How long have you had them?
Do they have any other signs of illness, such as crusty eyes/nose, sneezing, raspy breath, etc.?

I hope things improve... if they don't you should get them to the vet because it does sound like they may have some health problems that are making them act un-rat like.


----------



## TheMutt (Feb 4, 2007)

I'm guessing they're about 5 months old. I've had them for about 3 months.

I took them to the vet about... 2 weeks ago, roughly. Maybe a little longer than that. They were fine. 

I've checked their private areas and can see no signs of blood. Like I said, I think the brown on the hammock is just them dirty'ing it up. 

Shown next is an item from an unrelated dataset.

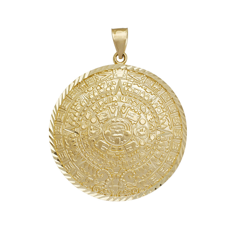 Convex Diamond-cut Aztec Sun Calendar Pendant (14K)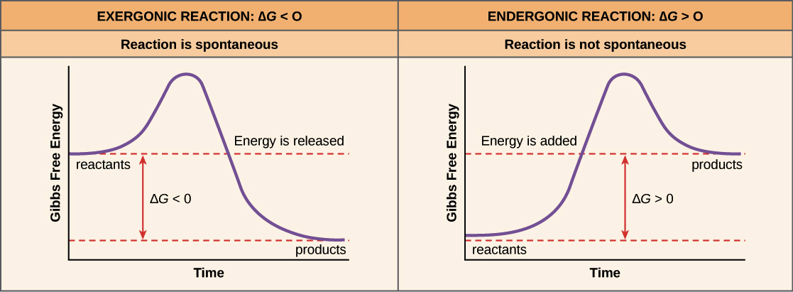 Figure 7.14 Gibbs Free Energy Diagrams. When reactions are spontaneous and release energy (exergonic) the ΔG will be negative (left hand graph), whereas when reactions are not spontaneous and require energy to be added to the reaction (endergonic) the ΔG will be positive (right hand graph).

They don't seem to really "play" with me... they're used to me, I open the cage, and if they're out and about, they come up to me. But they don't seem to play with me much. Never really have, any suggestions? Unfortunately, I don't have a lot of room where i can get them out of the cage. so they've been pretty confined to.... me...


----------



## Ratarooo (Apr 2, 2007)

If they're just not playful, then I don't know what you should do. Do they like to be petted yet? If they're not going to be very active, then perhaps you can make good lap pets out of them. All you need to do is handle them frequently and give them snacks when they're on your lap so that they associate you with good things like treats and lovings. 

It sounds like Freyja is still scared, like my peanut who hides in her house all day and night. I've only had her three weeks and it's very frustrating to me. I guess the best thing you can do is just handle them a lot so that they get more used to it.

How much time would you say you've been spending them each day?


----------



## Nazarath (Feb 20, 2007)

Something you could try is giving them treats while they are out with you. Apples, graps, stuff like that. I had a shyer rat once and after a few outings with me and some treats i can't keep her still. Also giving treats every now and then when you open their cage and they will come to you more willingly. This should help but i wont make any promises since i don't know your little one.


----------



## TheMutt (Feb 4, 2007)

They don't take food while on me. as soon as i put them back they're right up at the door practically crawling out of the cage to get their treat. no idea why this is... they sniff it but show no interest in eating it


----------



## Nazarath (Feb 20, 2007)

It might take them a little to take it, Taking from their cage is pretty good to. OH try to not give them food through the cage too much or else they can start to think your fingure is food lol. I know some people say don't feed them throught the cage at all, So if you would like to go that route it's good to . Maybe you can try (just thought of this now) Giving them treats only when they are out with you?? so they can't resist taking it. I don't know if that would work but you can try it?


----------



## Poppyseed (Feb 1, 2007)

Yeah, feeding through the bars is dangerous *has some wounds from that* I stoped that but if I feed through the door by hand I'm fine.


----------



## TheMutt (Feb 4, 2007)

I feed through the cage all the time. They know not to bite me. I even dip my finger in milk and stick it through there and they lick it off. Very cute. 

Anyway, I'll try the only giving them treats when they're with me thing. Though I think if they've got food at all, they won't do it. Aaaand... i suppose keeping food out of their cage and feeding them while they're on me would not be too good lol.


----------